_INFORMATION SHOWN_.
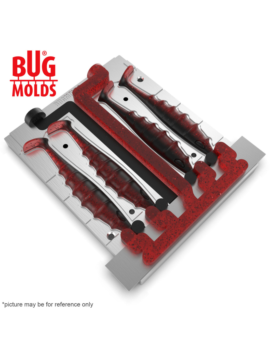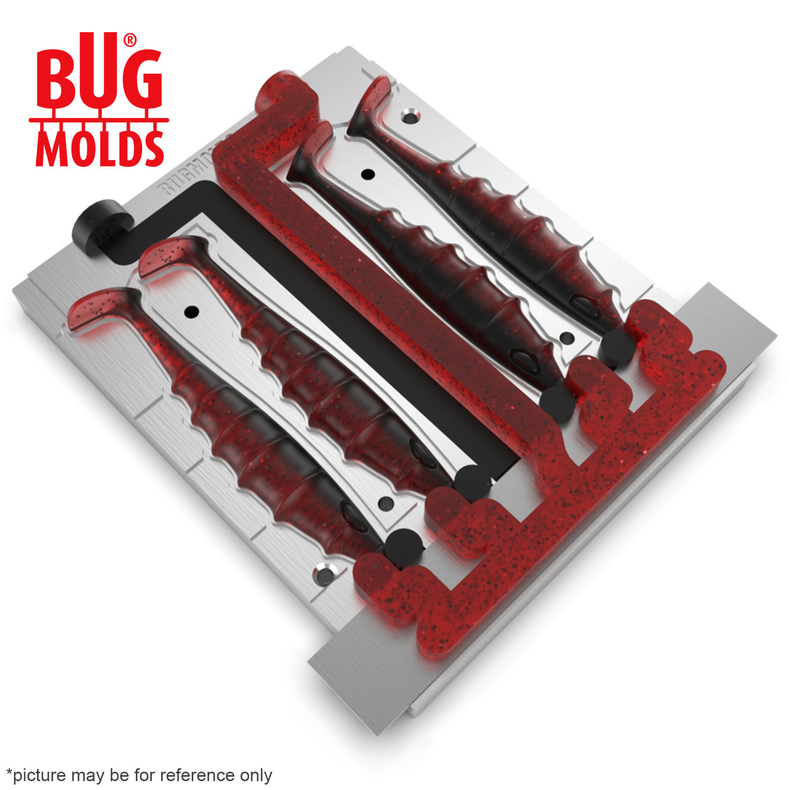 Fishing Soft Bait 2-Port Multi-cavity Aluminum mold Predator 4 inch 4-cav ID 2V1080_4a from Bugmolds
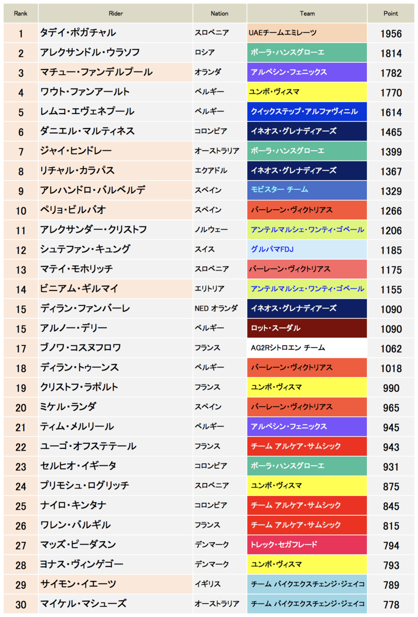 グランツールシーズンがはじまった。ジロの成績が大きくポイントに影響したので、チームも個人もランキングが大きく入れ替わった。入れ替わった選手を見るとジロで活躍した選手たちがよくわかる。現時点での成績をチェックしてみた。
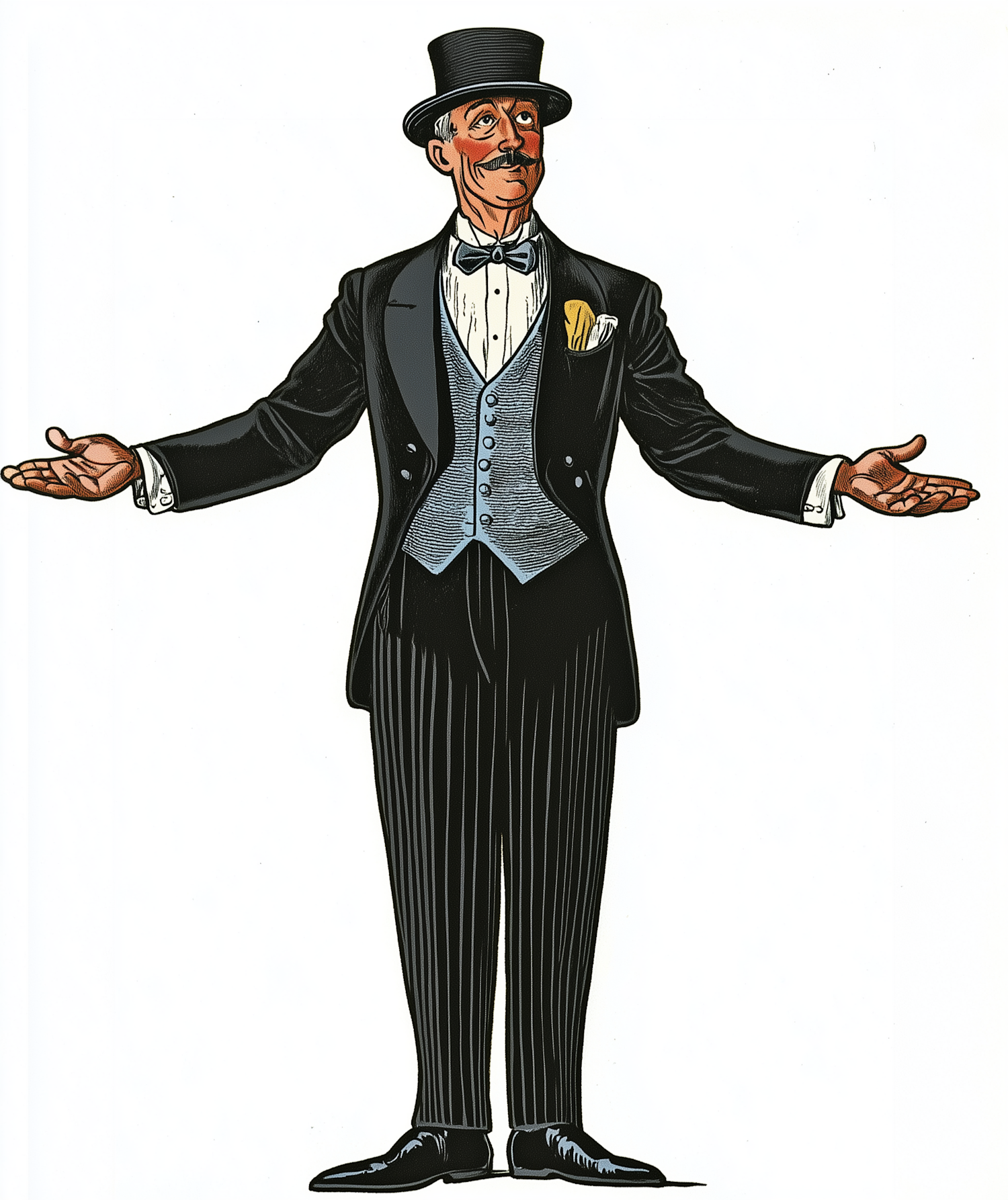 Elegant gentleman in a tuxedo and top hat, arms outstretched in a welcoming gesture, exuding classic sophistication.
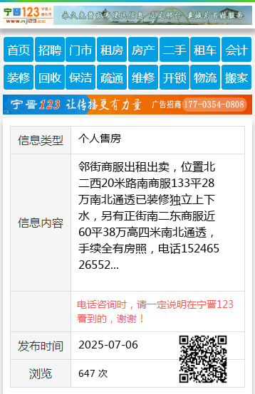 邻街商服出租出卖,位置北二西20米路南商服133平28万南北通透已装修独立上下水,另有正街南二东商服近60平38万高四米南北通透,手续全有房照,电话15246526552 【电话咨询时,请一定说明在望奎信息网看到的,谢谢!】 |

_WORK ITEM_.
Leaving the pictures aside, transcribe the entire listing exactly.

_RESULT OF THE TASK_.
 Fishing Soft Bait 2-Port Multi-cavity Aluminum mold Predator 4 inch 4-cav ID 2V1080_4a from Bugmolds
 グランツールシーズンがはじまった。ジロの成績が大きくポイントに影響したので、チームも個人もランキングが大きく入れ替わった。入れ替わった選手を見るとジロで活躍した選手たちがよくわかる。現時点での成績をチェックしてみた。
 Elegant gentleman in a tuxedo and top hat, arms outstretched in a welcoming gesture, exuding classic sophistication.
 邻街商服出租出卖,位置北二西20米路南商服133平28万南北通透已装修独立上下水,另有正街南二东商服近60平38万高四米南北通透,手续全有房照,电话15246526552 【电话咨询时,请一定说明在望奎信息网看到的,谢谢!】 |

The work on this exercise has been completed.